### WHAT YOU WILL DO
All that is wanted is the exact lines from the one with "Im Hintergrund auflegen, Gitarre" through the last line of the entries, with both ends kept and every picture left out.

### RECORDS SUPPLIED
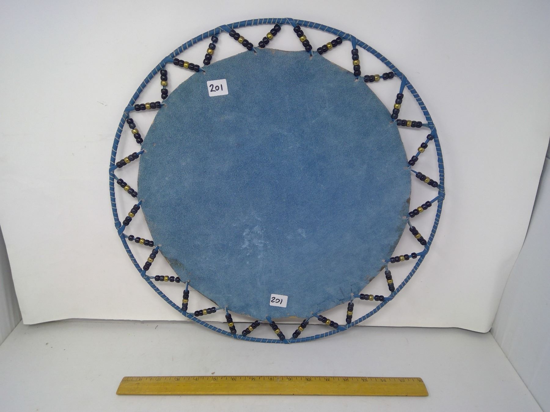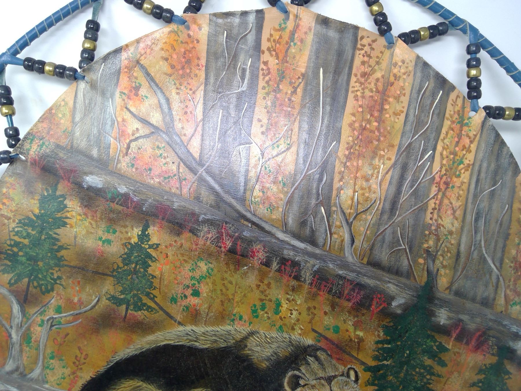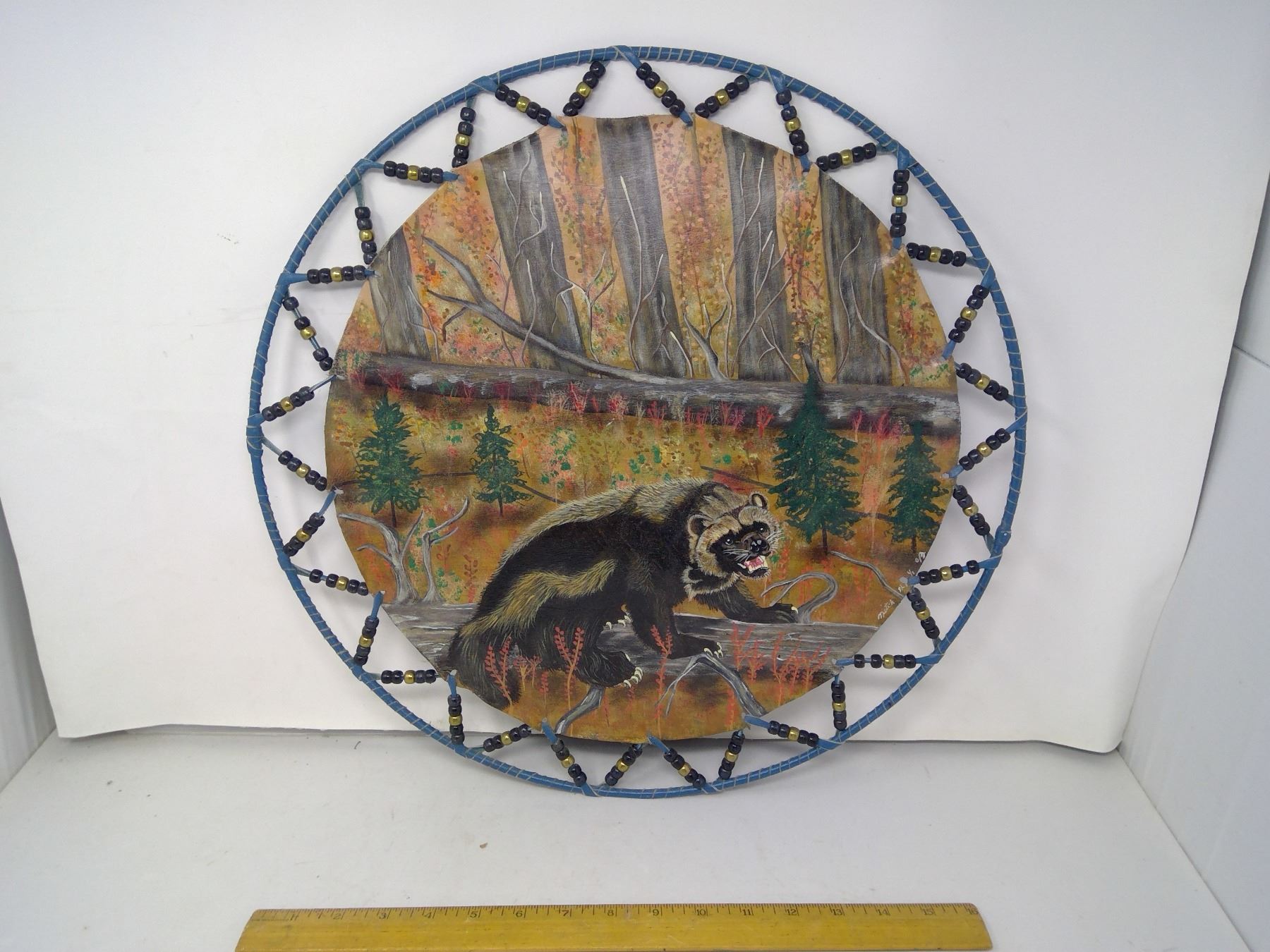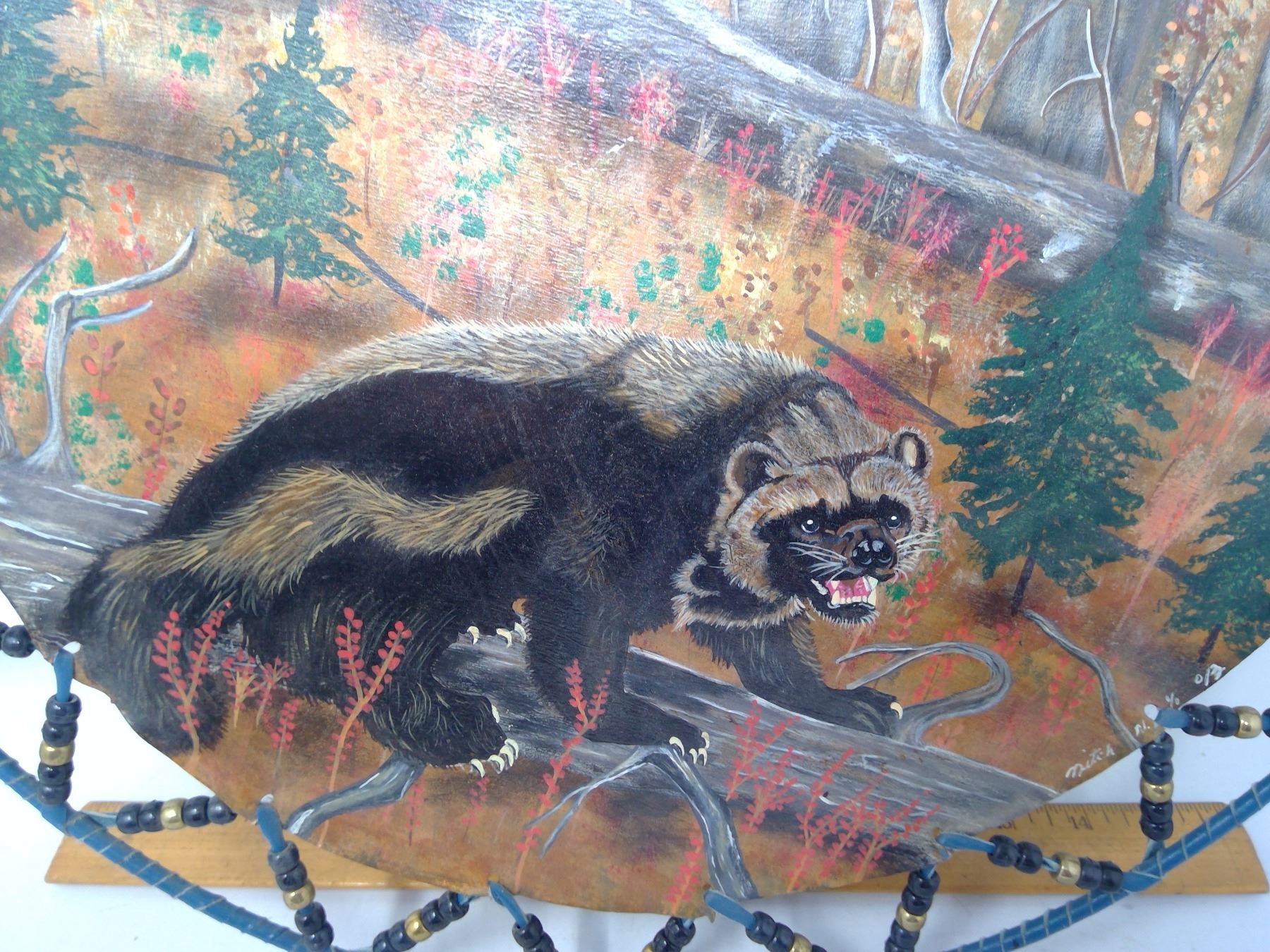 201 Original painting on leather “Wolverine” by Mitch N., 2013. Diameter: 18”.
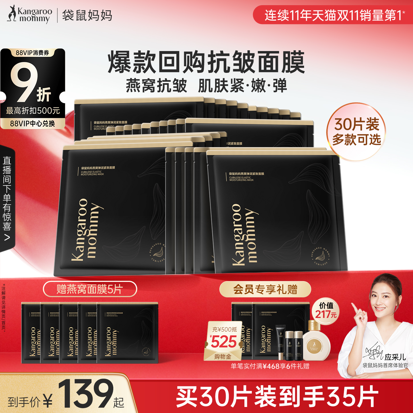 【双11开卖】袋鼠妈妈准孕妇燕窝面膜补水保湿滋润专用面膜30片
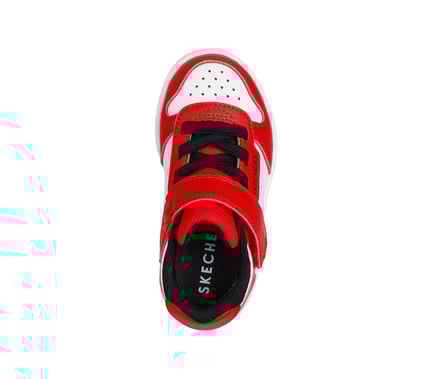 Alley-oop in comfortable court-style wearing Skechers Street™ Quick Street. This machine-washable low-top features a smooth duraleather upper with stretch laces, Skechers adaptive closure, and a cushioned comfort insole.
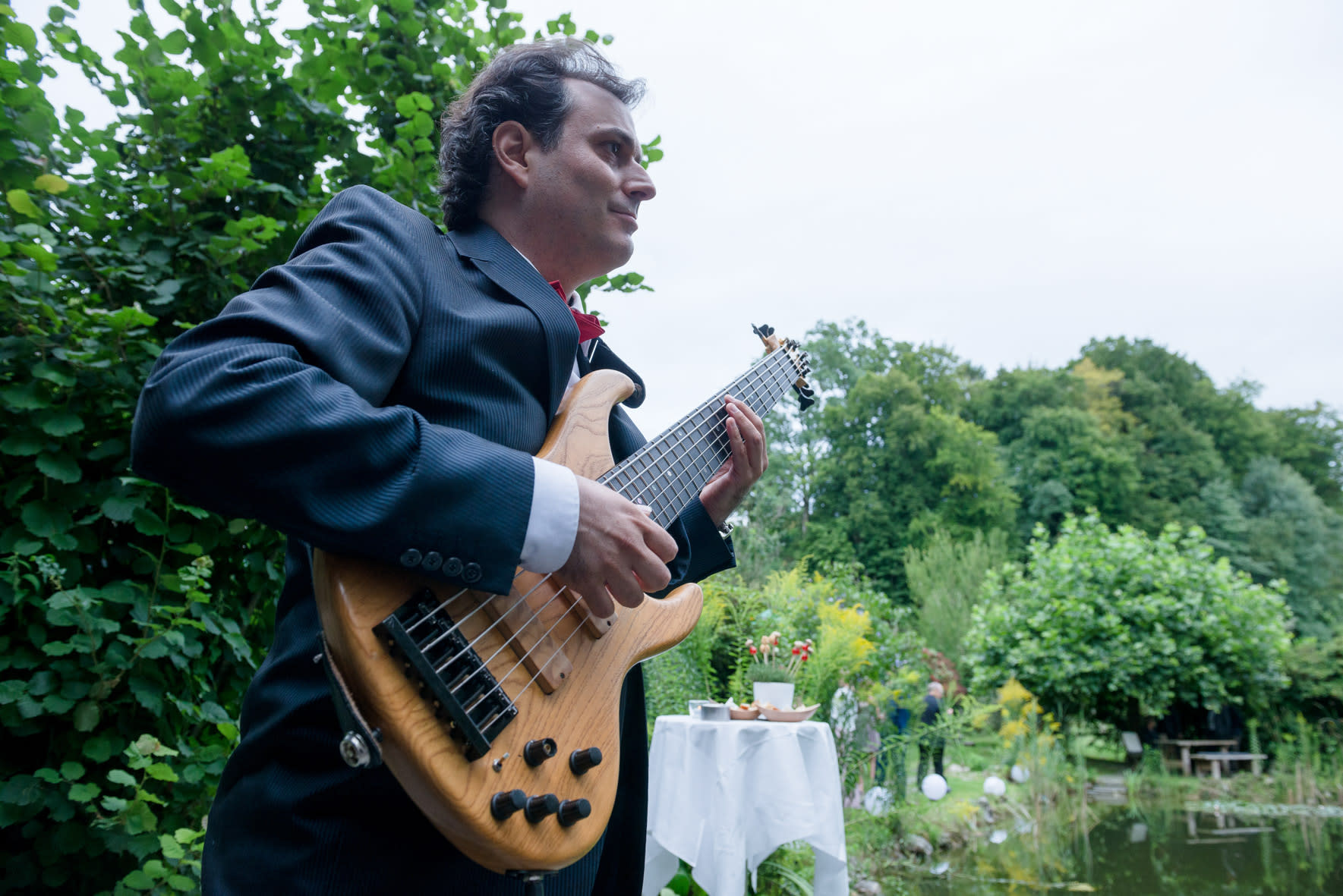Im Hintergrund auflegen, Gitarre und singen oder instrumental mit 6-String-Bass, akustischer oder elektrischer Gitarre dezent spielen, so dass sich die Gäste verständlich unterhalten können.
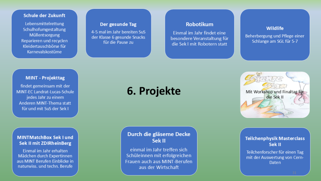 Die Arbeit an den Inhalten der Initiative „Schule der Zukunft“ sind seit diesem Schuljahr fester Bestandteil der Schulentwicklung am SGL. Es gibt eine Arbeitsgruppe „Schule der Zukunft“. Dort arbeiten Lehrerinnen und Lehrer unterschiedlichster Fächer, Schülerinnen und Schüler sowie Elternvertreter mit.
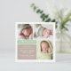 Annoncez votre toute nouvelle arrivée avec cette carte de naissance couleur bloc vert frais et taupe. Le design carré moderne met en valeur trois photos de nouveau-né aux côtés d'une bannière "Introducing" et d'une typographie de nom stylisée et sérif. Une palette de vert sauge doux et de taupe neutre convient à un bébé garçon ou fille, avec un dos vert uni. Tout le texte est entièrement personnalisable.
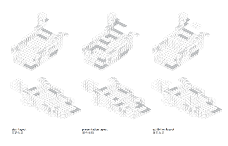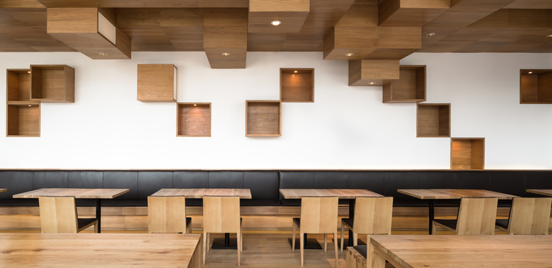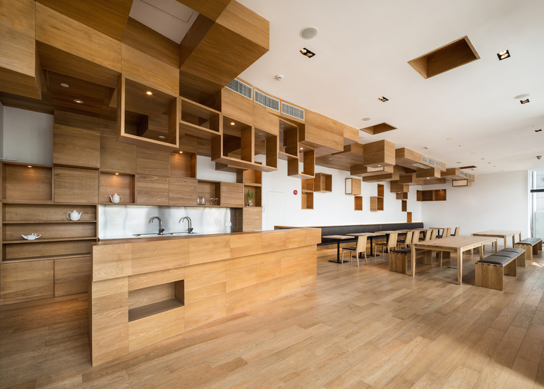 A pixelated assemblage of oaken boxes seems to grow through the three lower floors of the building, generating a spatial continuum throughout the different levels. The central stair has been designed as a flexible playground for different events. Modular cubes can be arranged in specific layouts to cater to various programs like presentations, exhibitions, public receptions and informal meetings. A public restaurant, private dining rooms, and an organic food store are connected both visually and physically to this central space.

### OUTPUT OF THE TASK
Im Hintergrund auflegen, Gitarre und singen oder instrumental mit 6-String-Bass, akustischer oder elektrischer Gitarre dezent spielen, so dass sich die Gäste verständlich unterhalten können.
 Die Arbeit an den Inhalten der Initiative „Schule der Zukunft“ sind seit diesem Schuljahr fester Bestandteil der Schulentwicklung am SGL. Es gibt eine Arbeitsgruppe „Schule der Zukunft“. Dort arbeiten Lehrerinnen und Lehrer unterschiedlichster Fächer, Schülerinnen und Schüler sowie Elternvertreter mit.
 Annoncez votre toute nouvelle arrivée avec cette carte de naissance couleur bloc vert frais et taupe. Le design carré moderne met en valeur trois photos de nouveau-né aux côtés d'une bannière "Introducing" et d'une typographie de nom stylisée et sérif. Une palette de vert sauge doux et de taupe neutre convient à un bébé garçon ou fille, avec un dos vert uni. Tout le texte est entièrement personnalisable.
 A pixelated assemblage of oaken boxes seems to grow through the three lower floors of the building, generating a spatial continuum throughout the different levels. The central stair has been designed as a flexible playground for different events. Modular cubes can be arranged in specific layouts to cater to various programs like presentations, exhibitions, public receptions and informal meetings. A public restaurant, private dining rooms, and an organic food store are connected both visually and physically to this central space.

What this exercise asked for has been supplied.